It will take more water than they can pump. To make it dangerous you would have to pump in a volume equal ti about on millionth of the volume of the entire ocean.

I am not concerned.


----------



## Will2 (Mar 20, 2013)

Hawaii is a constiuent component of the United States of America. Before it was annexed it was a tribal Kingdom.

Most people view Hawaii as a subunit of the United States of America - which is the nation.

This can be drawn in parallel with New France, which was Annexed by the English Kingdom. New France was subsequently divided into Quebec, and Ontario. Although in reality New France was an annex of First Nations Territories, and Quebec eventually annexed Inuit Territories. In Canada Quebec is recognized as a nation and has its own national assembly. The idea of nation has been turned into a parallel of political territory, however in reality nation means people, which can exist with or without a territory. While Quebec is considered a nation and its people the Quebecois form a distinct cultural and political unit, although their status territorially is a point of contention due to the annex, and de facto occupation created by treaty with France, which was subsequently broken, although the French Crown has de facto been extinguished although there is still atleast one legitimate King of France, in large part the term pretender is used because many people are said not to recognized the sovereignty.

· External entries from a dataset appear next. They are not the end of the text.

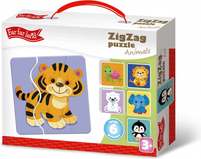 Puzzle ZigZag de la Far Far Land oferă distracție și valoare educativă datorită tăierilor zigzag și motivului colorat cu animăluțe. Setul conține 6 imagini.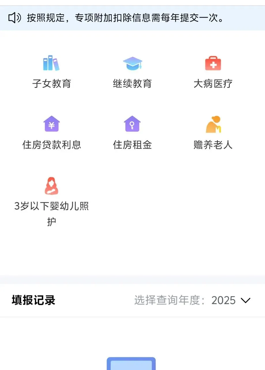 第二步:注册好之后可以在个税APP上进行个人所得税专项附加扣除的填写(如果有符合条件的话)。总共有7项专项附加扣除,分别是子女教育、继续教育、大病医疗、住房贷款利息、租房租金、赡养老人以及3岁以下婴幼儿照护。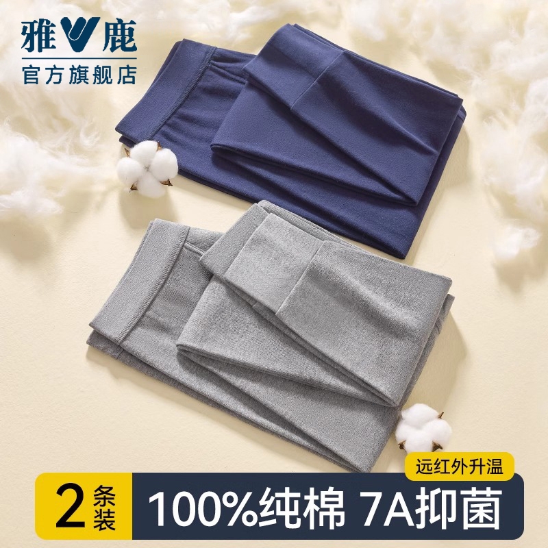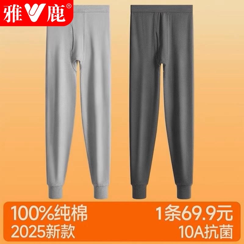 雅鹿男士秋裤男款纯棉全棉打底裤2025秋冬季薄款保暖裤线裤外穿

State is a problematic term also because state in international terms is not equivolent to US state as US states are territorial subunits of the United States, and their power has been limited by a division of powers. The Federal and State governments of the us are not de jure "state entities" Since the division of power is between the people (the nation), the states as a whole, and the federal government compose the state of the United States of America, although the President is elected by the electoral college which is suppose to represent a totality of representation. The US as it is potrayed is to a large extent not clearly represented as a state aside form its political representation, it has no real representation of soverignty that is so clear cut.

Now in the case of Hawaii, there are likely native hawaiians that would be part of the nationality if it were recognized i.e. hawaiian nationality - as ethic native hawaiians. Although I have seen some materials to this, as a territorial unit it is an occupied Kingdom, which still has "pretenders" or legitimate Ethnic tribal leadership. For most though it is an integrated internal territorial unit of the United States of America. However, it is only a fraction away from Puerto Rico imo, and Puerto Rico - annexed from the Spanish by Treaty is also very close to a nation if not even though it is an annexed territory.

Cuba was even in this group of annexed territories, and remained a US satallite until the Castro Revolution. All in all I do not expect to see Hawaiian independence as a soveirgn unoccupied entity any time soon.

So it would be safe to say there are two nations sharing the Islands of Hawaii, and one of them is a far more recognized soavireign power that has unclear representation as a whole due to power sharing amongst a wide number of individuals.

This totally ignoring the fact that the President of the United States has connections to the Island as a Citizen of the nation of the United States of America not the Kingdom of Hawaii.

http://en.wikipedia.org/wiki/Overthrow_of_the_Kingdom_of_Hawaii

And they didn't even speak English.

But that was when people could annex territories and not be sanctioned.


----------



## Pir8fan (Nov 16, 2012)

This is merely Hussein Obama paving the way for recognition of Sharia law.


----------



## StarPD45 (Nov 13, 2012)

Depending on what you read, Hawaii was never properly made a state. 
Of course, they say the same thing about Texas.


----------